进一步地,非实时更新状态的通信设备和实时更新状态的通信设备的可控参数组,包括发射功率和编码码率。Further, the controllable parameter group of the communication device in the non-real-time update state and the communication device in the real-time update state includes the transmission power and the encoding code rate.
进一步地,非实时更新状态的通信设备和实时更新状态的通信设备的不可控参数组,包括信道条件、产生的数据量、分配的时间资源与空间资源。Further, the uncontrollable parameter groups of the communication device that does not update the state in real time and the communication device that updates the state in real time include channel conditions, the amount of data generated, and the allocated time and space resources.
进一步地,所述5G基站下的设备性能指标包括误码率、吞吐量和服务质量QoS。Further, the equipment performance indicators under the 5G base station include bit error rate, throughput and QoS.

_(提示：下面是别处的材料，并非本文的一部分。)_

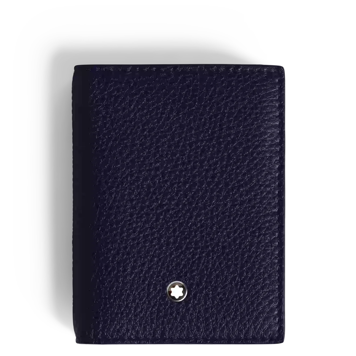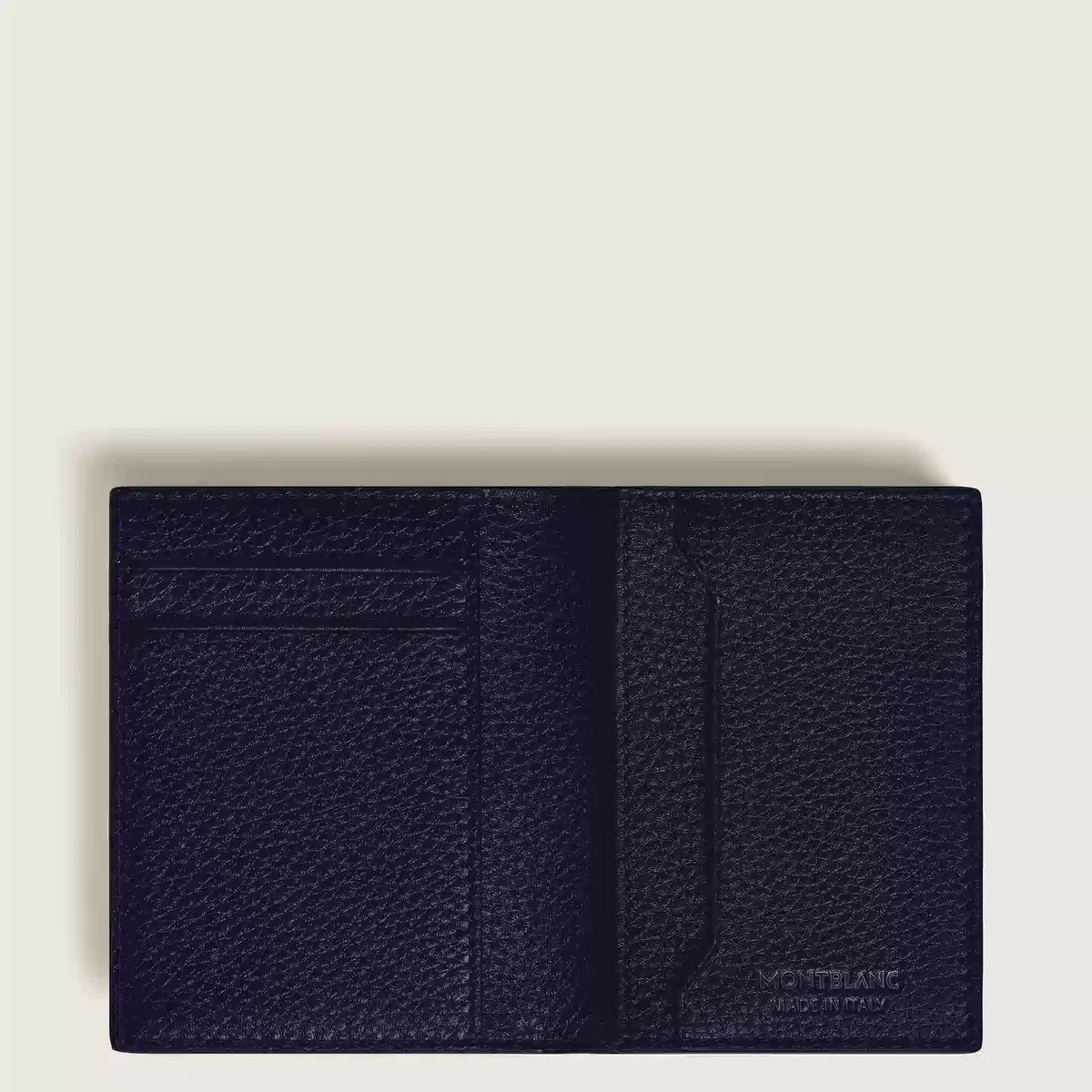 Carefully crafted in luxurious midnight blue soft grain leather, this pocket-friendly card holder is both chic and functional. It neatly fits several business cards and four credit cards, all while showcasing the elegant Montblanc emblem on the front.
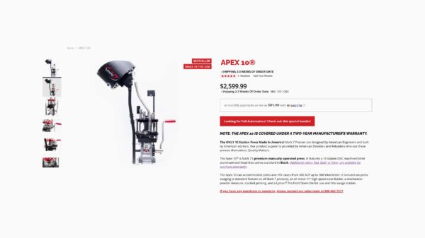 The Apex 10 is designed for the sport shooter and comes as a hand press for approximately $2500. There is an automated bundle option with Autodrive that starts closer to $5200.
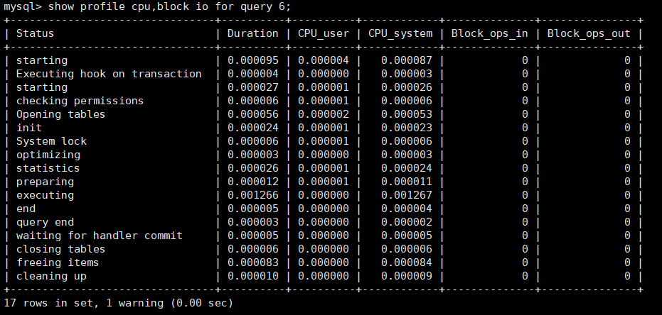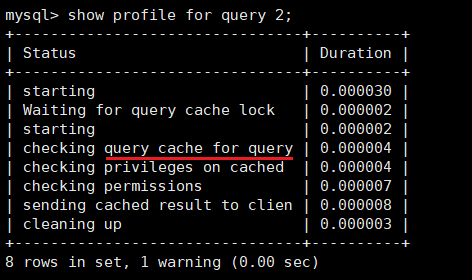 结论不言而喻。执行编号2时,比执行编号1时少了很多信息,从截图中可以看出查询语句直接从缓存中获取数据。
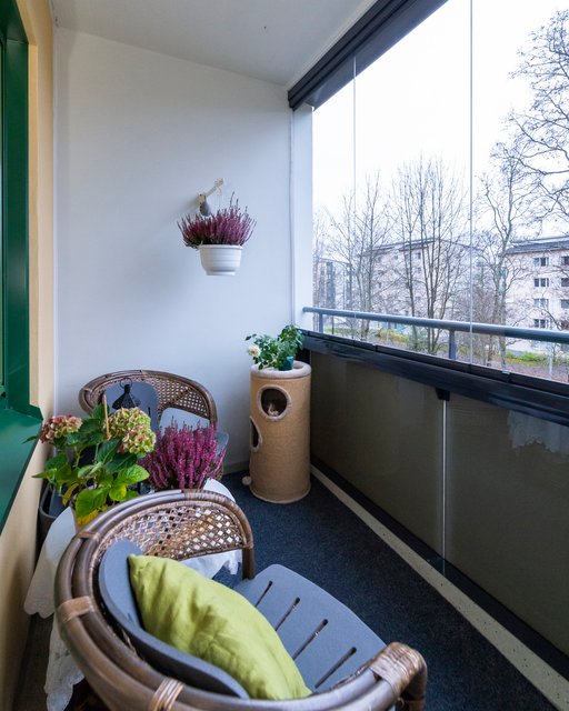 Huoneiston keskellä on eteinen, vaatehuone ja kylpyhuone. Läpitalon huoneiston toisessa päädyssä on olohuone, josta pääsee lasitetulle parvekkeelle viettämään aikaa ja seuraamaan pihan tapahtumia.

进一步地,步骤b)具体为:假设在第i个时隙开始时设备所含有的电量为,则得 到 Further, step b) is specifically as follows: it is assumed that the power contained in the device at the beginning of the i -th time slot is , then get
式中,为在不可控参数组下选取可控参数组进行操作所消耗的能量; 为了使得设备的用电需求得到保障,必须有如下能量约束条件: In the formula, for the uncontrollable parameter group Select the controllable parameter group under The energy consumed by the operation; In order to ensure the power demand of the equipment, the following energy constraints must be met:
式中,N为总时隙个数,对应N个能量约束条件,即对于任何一个时隙,设备拥有的电量都能保障该时隙的电力需求。In the formula, N is the total number of time slots, corresponding to N energy constraints, that is, for any time slot, the power possessed by the device can guarantee the power demand of the time slot.
进一步地,步骤d)中,若优化问题为凸优化问题,使用标准的凸优化问题的解法进行求解;若优化问题不是凸优化问题,将标准的凸优化问题的解法与遗传算法相结合进行求解,以减少收敛到次优解的情况发生。Further, in step d), if the optimization problem is a convex optimization problem, the solution method of the standard convex optimization problem is used to solve it; if the optimization problem is not a convex optimization problem, the solution method of the standard convex optimization problem is combined with the genetic algorithm to solve the problem. , to reduce the occurrence of convergence to a suboptimal solution.
进一步地,所述标准的凸优化问题的解法为牛顿法或内点法。Further, the solution method of the standard convex optimization problem is Newton's method or interior point method.
进一步地,步骤A)中,将设备的供电电量的取值集合记为,设备的电池储能的取 值集合记为,不可控参数组的取值集合记为;则状态空间表示为;状态为状态空间的一个元素,;可控参数组的取值集合即为动作空间;任何一组可控 参数组都是的一个元素,称为一个动作;选择一组可控参数组就是在马尔科夫决策过程 中选择一个动作。 Further, in step A), the value set of the power supply of the device is recorded as , the value set of the battery energy storage of the device is denoted as , the value set of the uncontrollable parameter group is denoted as ; then the state space is expressed as ;state is an element of the state space, ; Value set of controllable parameter group is the action space; any set of controllable parameters is An element of , called an action; choosing a set of controllable parameters is choosing an action in a Markov decision process.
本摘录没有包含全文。